Дуализм правительственной программы сделал ее объектом критики со стороны обоих конфронтующих лагерей. Народ устал от насилия, кровопролития, он требовал безопасности, тишины и — амнистии. Именно это оказалось в центре внимания. Что же касается обещанных реформ, то обещания не успокаивали, а разжигали страсти: одним обещанное казалось мелочовкой, другим непозволительной щедростью.
Левые радикалы главное внимание обратили на военно-полевые суды, хотя достаточно резких слов для их осуждения так и не нашли. Справа высказывали недовольство программой реформ, называли ее «Портсмутским договором», «капитуляцией перед врагом внутренним: и там, и здесь — уступка пол-Сахалина».
Иную позицию занял председатель Центрального комитета Союза 17 октября А. И. Гучков. «С особым удовольствием» отметив, что Столыпин не отказывается от реформ, Гучков заявил, что закон о военно-полевых судах «является жестокой необходимостью. У нас идет междуусобная война, а законы войны всегда жестоки. Для победы над революционным движением такие меры необходимы. Я глубоко верю в П. А. Столыпина».
Это заявление вызвало протесты со стороны более умеренных членов Союза. Д. Н. Шипов, старый авторитетный либерал славянофильских тонов, «не выдержал» и вышел из партии. Но Центральный комитет единогласно переизбрал Гучкова своим председателем. Известный историк профессор В. И. Герье горячо приветствовал А. И. Гучкова, художник И. Е. Репин, ряд других лиц тоже одобрили его позицию. «Я не только считаю политику репрессий по отношению к революционному движению совместной с вполне либеральной, даже радикальной общей политикой, — писал А. И. Гучков в открытом письме профессору князю Е. Н. Трубецкому, — но я держусь мнения, что они тесно связаны между собой, ибо только подавление террора создает нормальные условия… Если общество отречется от союза с революцией, изолирует революцию, отнимет у нее общественные симпатии, рассеет мираж успеха — революция побеждена».
П. А. Столыпину удалось на время разорвать заколдованный круг.
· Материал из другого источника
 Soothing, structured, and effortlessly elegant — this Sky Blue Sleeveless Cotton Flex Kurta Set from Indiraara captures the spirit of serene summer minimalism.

До этого времени проведение реформ неизменно сопровождалось общим ослаблением власти, а принятие суровых мер знаменовало собою отказ от преобразований. Теперь правительство совмещало обе задачи власти, и широкие общественные круги такую необходимость поняли. В этом была несомненная заслуга А. И. Гучкова и Союза 17 октября. Те же основатели Союза, которые не сумели отрешиться от старых интеллигентских предубеждений, ушли в «партию мирного обновления», которая так и осталась политическим клубом, не проявившим себя в реальной жизни, тогда как октябристы стали серьезной политической силой, как первая в России правительственная партия; хотя формальной связи с властью у них не было. Но даже эта партия отказалась послать своих лидеров в правительство Столыпина.Более правые партии с опаской смотрели на первые шаги П. А. Столыпина, резко их критиковали, но не отказывались содействовать власти в борьбе с революционной смутой, пытались играть роль «оппозиции справа». Но правых Столыпин в кабинет не приглашал — в нем были только профессионалы-бюрократы.
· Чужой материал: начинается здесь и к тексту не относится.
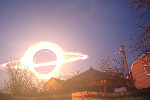 Видеонд хар нүх тэнгэрээс удаан хөдөлсөөр газар луу ирж байгааг үзүүлсэн байв. Физикчдийн үнэмшлээр бол хар нүхний ойролцоо хугацаа удаашран, орон зай томордог. Тиймээс хар нүхэнд ойртох тусам хугацаа, орон зай гаждаг.

К этому времени в обществе обозначался определенный поворот. Он сказался прежде всего на выборах в земства: почти везде проходили октябристы и более правые, кадеты теряли один уезд за другим. Многие дворянские собрания (в первую очередь — курское и московское) исключили из своей среды кадетов-депутатов, подписавших Выборгское воззвание. На выборах в Петербургскую городскую думу (в ноябре) победили консервативные «стародумцы».
Конечно, избирательное право было очень ограниченным. «Нужен немалый запас знаний и веры в правоту конституционной идеи, чтобы не передаваться на сторону реакции», — с грустью отмечал старый либеральный журнал «Вестник Европы». Позиция журнала, вокруг которого со времен его основателя Н. М. Карамзина всегда группировалась либеральная столичная элита, весьма показательна для понимания общественных настроений переходного времени, когда все старое перевернулось, а новое только укладывается, когда торжественные декларации еще ничем не подкреплены, не вылились в законодательные, правовые нормы и повседневная обычная жизнь регулируется стародавними положениями об охране; сохраняется всесилие администрации. Словом, у одних бесправие и надежды, у других сила. Внизу власть тьмы, а наверху — тьма власти. В подобных ситуациях небывало возрастает значение первых должностных лиц: императора, премьера, государевых столпов, от которых «низы» ждут правды-справедливости на державном уровне и, если команды на «всеобщее уравнивание» не дождутся, начнут бунтовать.